The following shows the expansion of pcd[2]. This structure specifies the location of the text at CP 0x0000000D.

Offset

Size

Structure

Value

0000021D

0008

Pcd - pcd

0000021D

1 bit

    USHORT - fNoParaLast

0x0

0000021D

1 bit

    USHORT - fR1 (ignored)

0x0

0000021D

1 bit

    USHORT - fDirty (ignored)

0x0

0000021D

13 bits

    USHORT - fR2 (ignored)

0x0006

0000021F

0004

    FcCompressed - fc

0000021F

30 bits

        ULONG - fc

0x0000080E

0000021F

1 bit

        ULONG - fCompressed

0x1

0000021F

1 bit

        ULONG - r1 (ignored)

0x0

00000223

0002

    Prm0 - prm0

00000223

1 bit

        USHORT - fComplex

0x0

00000223

7 bits

        USHORT - isprm

0x00

00000223

8 bits

        USHORT - val

0x00

Figure 23: Expansion of pcd[2]

fNoParaLast: 0x0 specifies that the text that is referenced by this Pcd might contain a paragraph mark.

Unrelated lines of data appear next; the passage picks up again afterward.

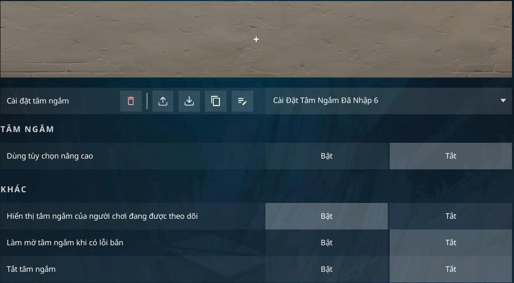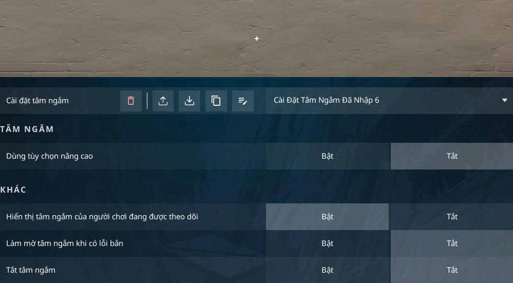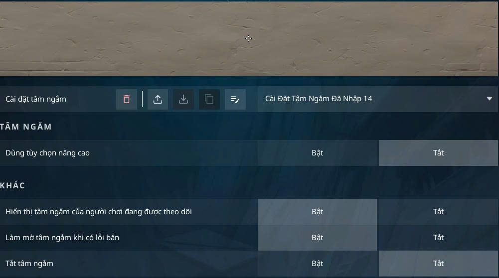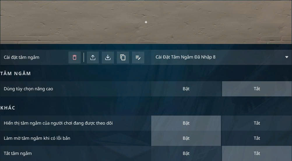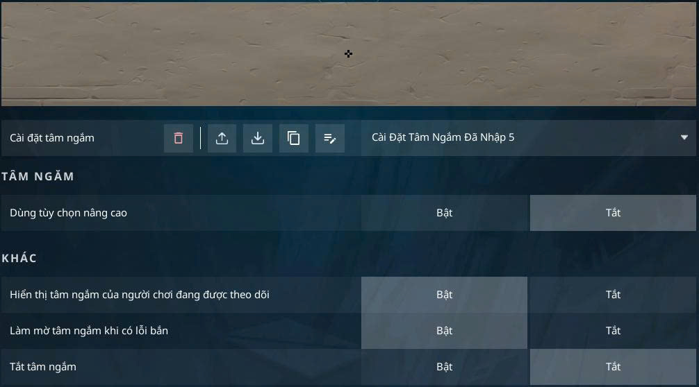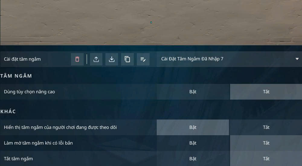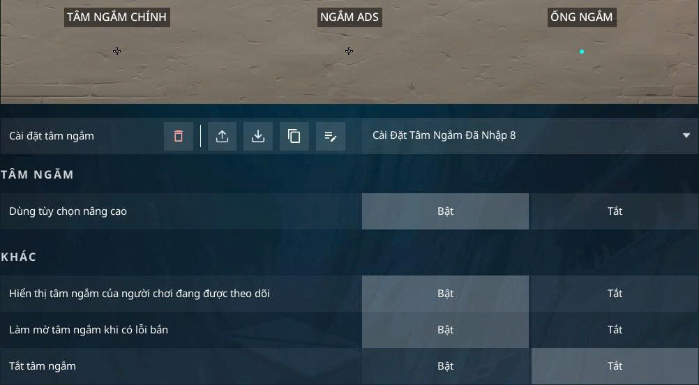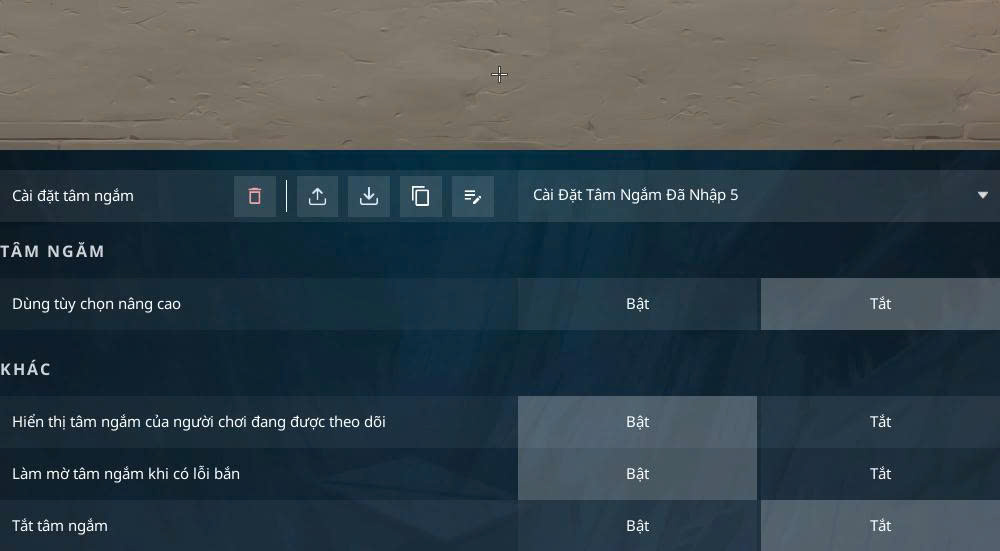 - Vào game → Cài đặt → Tâm ngắm (Crosshair).
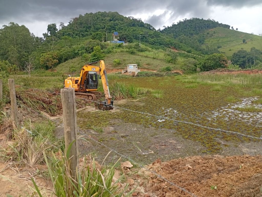 A ação foi realizada com o apoio de uma escavadeira, utilizada para retirar o excesso de vegetação, sedimentos e outros materiais acumulados ao longo do tempo, que podem comprometer a capacidade da represa.
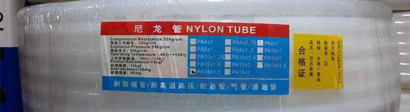 ống dây khí Nylon PA11-6 ống 12×1.5mm, nhiệt độ hoạt động: -35°C~125°C; áp suất làm việc: 3.2 Mpa
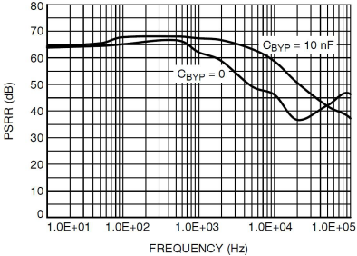 2. 為了降低輸出噪聲提高PSRR,在LDO的BYP引腳處接入合適的旁路電容;
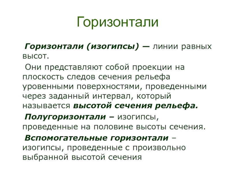 Они представляют собой проекции на плоскость следов сечения рельефа уровенными
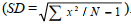 Standard deviation. This common measure of variability is most appropriate when one has normally distributed data, although the standard deviation of ranked ordinal data may also be useful in some cases. The standard deviation is based on the deviation (x) of each score from the mean of all the scores. Those deviation scores are squared and then summed (Ex2). This sum is divided by N– 1, and, finally, the square root is taken
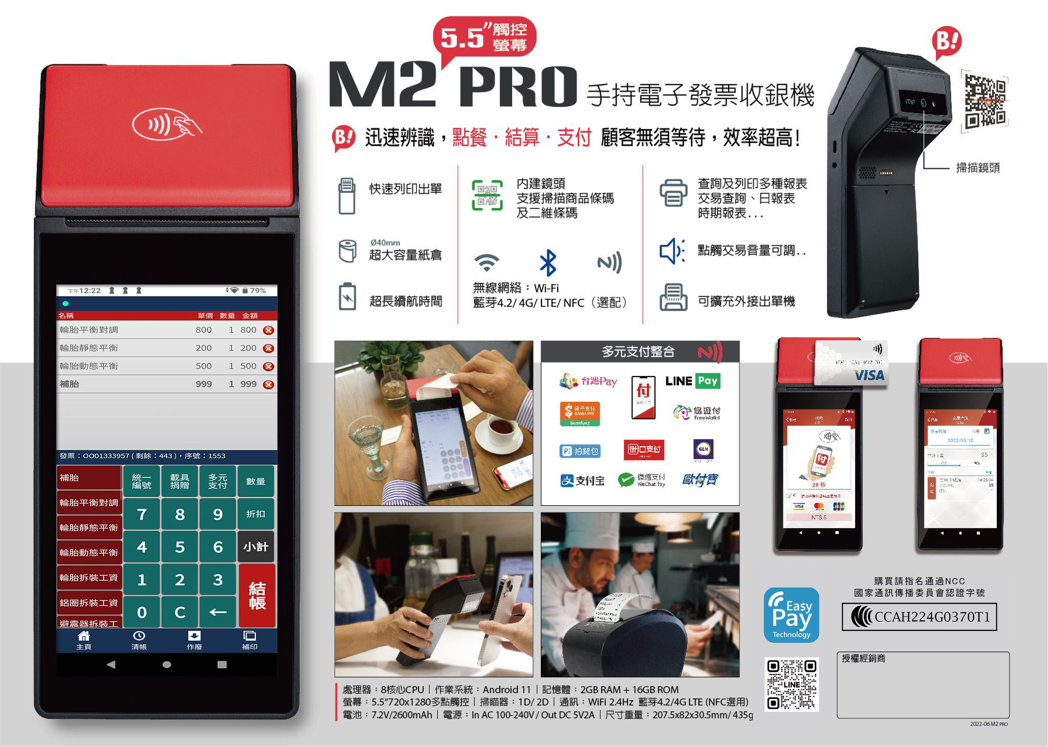 內置日本精工高速印表機,實現預約取號,收銀結賬,票據列印,適用於行動應用。

A value of 0x0001 specifies that there is no paragraph mark. A value of 0x0000 indicates that a paragraph mark might, or might not, be contained in the referenced text.

fc.fc: 0x0000080E specifies the offset, in bytes, in the WordDocument Stream where the text at CP 0x0000000D begins. Because fCompressed is 1, the actual offset is fc/2, or 0x00000407. Because cp[3] is 0x0000000E, there is 1 character at this offset.

fc.fCompressed: 0x1 specifies that the text at offset fc/2 consists of 8-bit ANSI characters, except for the values that are listed in the table in the specification of FcCompressed (section 2.9.73).

prm0.fComplex: 0x0 specifies that this is a Prm0 structure, as opposed to a Prm1 structure.

prm0.isprm: 0x00 specifies that sprmCLbcCRJ is applied to the range of CPs that are referenced by this Pcd. However, an isprm of 0x0000, combined with a val of 0x0000, is a special case that specifies that the CPs that are referenced by this Pcd have no additional formatting from their Pcd.

prm0.val: 0x00, combined with isprm 0x0000, specifies that the CPs that are referenced by this Pcd have no additional formatting from their Pcd.

The following shows the Unicode text at offset 0x00000C22 in the WordDocument Stream. This is an array of two-byte characters. This array is not null-terminated.

Offset

Size

Structure

Value

00000C22

000C

USHORT array - text

00000C22

0002

    USHORT - text[0]

0x0048

00000C24

0002

    USHORT - text[1]

0x0065

00000C26

0002

    USHORT - text[2]

0x006C

00000C28

0002

    USHORT - text[3]

0x006C

00000C2A

0002

    USHORT - text[4]

0x006F

00000C2C

0002

    USHORT - text[5]

0x0020

Figure 9: The text at offset 0x00000C22 in the Table Stream

text[0]: 0x0048 Unicode 'H'.

text[1]: 0x0065 Unicode 'e'.

text[2]: 0x006C Unicode 'l'.

text[3]: 0x006C Unicode 'l'.

text[4]: 0x006F Unicode 'o'.

text[5]: 0x0020 Unicode space.

The following shows the ANSI text at offset 0x00000400 in the WordDocument Stream. This is an array of single byte characters. This array is not null-terminated.

Offset

Size

Structure

Value

00000400

0007

BYTE array - text

00000400

0001

    BYTE - text[0]

0x57

00000401

0001

    BYTE - text[1]

0x6F

00000402

0001

    BYTE - text[2]

0x72

00000403

0001

    BYTE - text[3]

0x6C

00000404

0001

    BYTE - text[4]

0x64

00000405

0001

    BYTE - text[5]

0x2E

00000406

0001

    BYTE - text[6]

0x0D

Figure 10: The text at offset 0x00000400 in the WordDocument Stream

text[0]: 0x57 ANSI 'W'.

text[1]: 0x6F ANSI 'o'.

text[2]: 0x72 ANSI 'r'.

text[3]: 0x6C ANSI 'l'.

text[4]: 0x64 ANSI 'd'.

text[5]: 0x2E ANSI period ('.').

text[6]: 0x0D ANSI paragraph mark.

The following structure shows the ANSI text at offset 0x00000407 in the WordDocument Stream. This is an array of single byte characters. This array is not null-terminated.

Offset

Size

Structure

Value

00000407

0001

BYTE array - text

00000407

0001

    BYTE - text[0]

0x0D

Figure 11: The text at offset 0x00000407 in the WordDocument Stream

text[0]: 0x0D ANSI paragraph mark.

The complete text of this document is therefore, "Hello World", followed by a period and two paragraph marks.